The preparation method of 1,3-PDO is mainly divided into an acrolein hydration method, an ethylene oxide hydroformylation method and a biological engineering method. The ethylene oxide hydroformylation method is carried out under high pressure, has higher requirements on a reactor, and has the problems of difficult preparation method, high cost, difficult catalyst recovery and the like because transition metal and noble metal are frequently adopted as catalysts in the reaction process. The reaction conditions of the acrolein hydration method are sensitive to acid conditions, the reaction effect is influenced when the reaction conditions are too high or too low, the acrolein is extremely toxic, flammable and explosive and difficult to store and transport, and the raw materials of the acrolein and the 3-hydroxypropionaldehyde are easy to generate side reactions such as auto-polymerization, cross polymerization and the like. The glycerol fermentation yield by the biological engineering method is low, the metabolic stability of microorganisms is insufficient, the enzyme activity is difficult to maintain in the production process, and the market competitiveness is insufficient. In contrast, the production process of preparing 3-methyl hydroxypropionate (3-HPE) by ethylene oxide hydrogenation esterification and then preparing 1,3-PDO by hydrogenation has the advantages of rich ethylene oxide source and low cost, and the intermediate 3-HPE has stable property and is easy to store.
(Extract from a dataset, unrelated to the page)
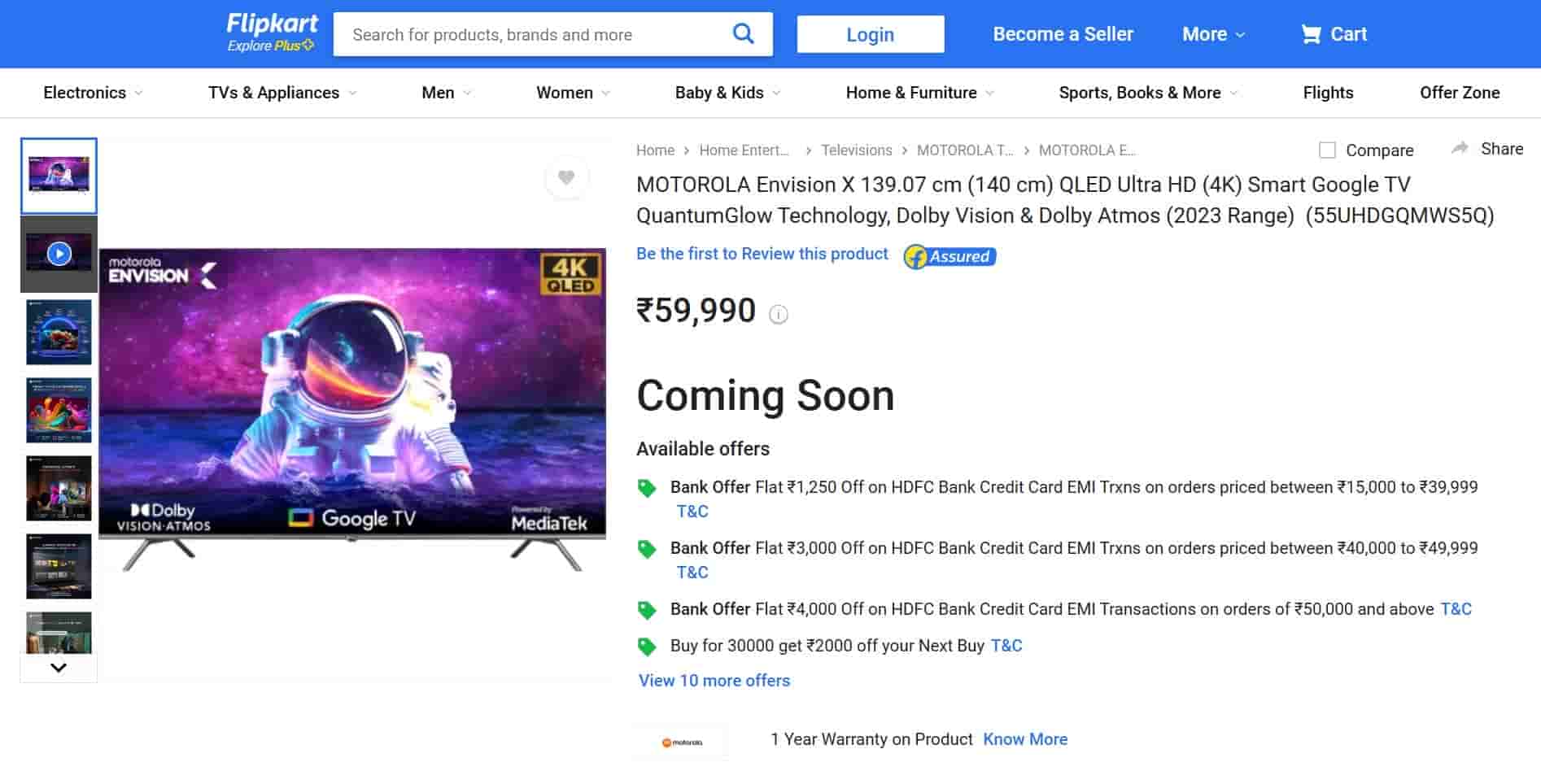 Motorola will be revealing the price of the Motorola Envision X Smart TV on the 4th of July 2023 on the Flipkart shopping website. The launch page of the upcoming device has been listed and recently the 55″ variant has also been listed on the shopping platform with a price tag of Rs. 59,990.

The catalyst currently used in industry for preparing 3-HPE by the hydroesterification of ethylene oxide with carbon monoxide and methanol is a cobalt carbonyl catalyst (NaCo (CO))4Or Co2(CO)8). However, the series of catalysts are unstable, can spontaneously combust in air and decompose under heat, and the solution of the organic solvent is immediately decomposed under air, so that the storage conditions are harsh. And the homogeneous catalyst is difficult to separate, the cobalt carbonyl has poor effect when being used as the catalyst, the conversion rate of raw materials and the selectivity of 3-HPE are both low, and the method is difficult to be suitable for industrial large-scale production.
The research on the catalyst for the hydroesterification reaction mainly focuses on the selection of homogeneous cobalt carbonyl and rhodium catalysts and auxiliaries. In the screening of the catalyst, in 1990, US4973741A discloses a triphenylphosphine rhodium complex catalyst containing noble metal, the conversion rate of ethylene oxide can reach 90% after ethylene oxide is subjected to methyl hydroformylation to prepare 3-methyl hydroxypropionate, but the reaction needs high pressure of 14MPa, and the selectivity of 3-HPE is only 66%.
US6191321A discloses a Co2(CO)8A catalyst system of 1, 10-phenanthroline, methyl tert-butyl ether is used as a solvent, the reaction is carried out for 18 hours at 90 ℃ and 7.8MPa, the conversion rate of ethylene oxide is only 11%, and the selectivity of a target product, namely methyl 3-hydroxypropionate, is 74%.
CN101020635A discloses that the selectivity of the target product 3-methyl hydroxypropionate can reach 90% by taking cobalt salt as a catalyst, pyridine, quinoline and their respective derivatives as ligands, and alkali or alkaline earth metal salt as an accelerant, wherein the pressure is 3.0 MPa-7.0 MPa, the reaction temperature is 50-100 ℃, and the reaction time is 3-5 hours.
CN101973881A discloses a cobalt carbonyl functionalized ionic liquid, wherein a nitrogen-containing heterocyclic compound or organic phosphine is used as a ligand, the pressure of carbon monoxide is 3.0 MPa-7.0 MPa, the reaction is carried out for 6-18 h at the temperature of 50-100 ℃, the conversion rate of ethylene oxide can reach 98.1%, and the yield of a target product, namely, methyl 3-hydroxypropionate, can reach 90.8%.
In the research work of adding auxiliary agent to improve reaction activity, CN105272855A discloses a polyion liquid PILs as auxiliary agent, NaCo (CO)4The reaction is carried out for 5 hours at 75 ℃ and 2MPa by taking the catalyst as a catalyst, the conversion rate of the ethylene oxide is 50.3 percent, the selectivity of the 3-methyl hydroxypropionate is 96.2 percent, and the polyion liquid can be precipitated and separated by adding ether after the reaction.
CN107417527A discloses Co2(CO)8The catalyst may be one of nitrogen-containing heterocyclic compounds such as pyridine, pyrimidine, imidazole, triazole, tetrazole, purine, and the like as an auxiliary. It is proved that the nitrogen-containing heterocyclic compound greatly improves Co2(CO)8The ethylene conversion and 3-HPE selectivity of the catalytic ethylene oxide alkoxy-carbonylation reaction were 87.3% for ethylene oxide and 83.2% for methyl 3-hydroxypropionate.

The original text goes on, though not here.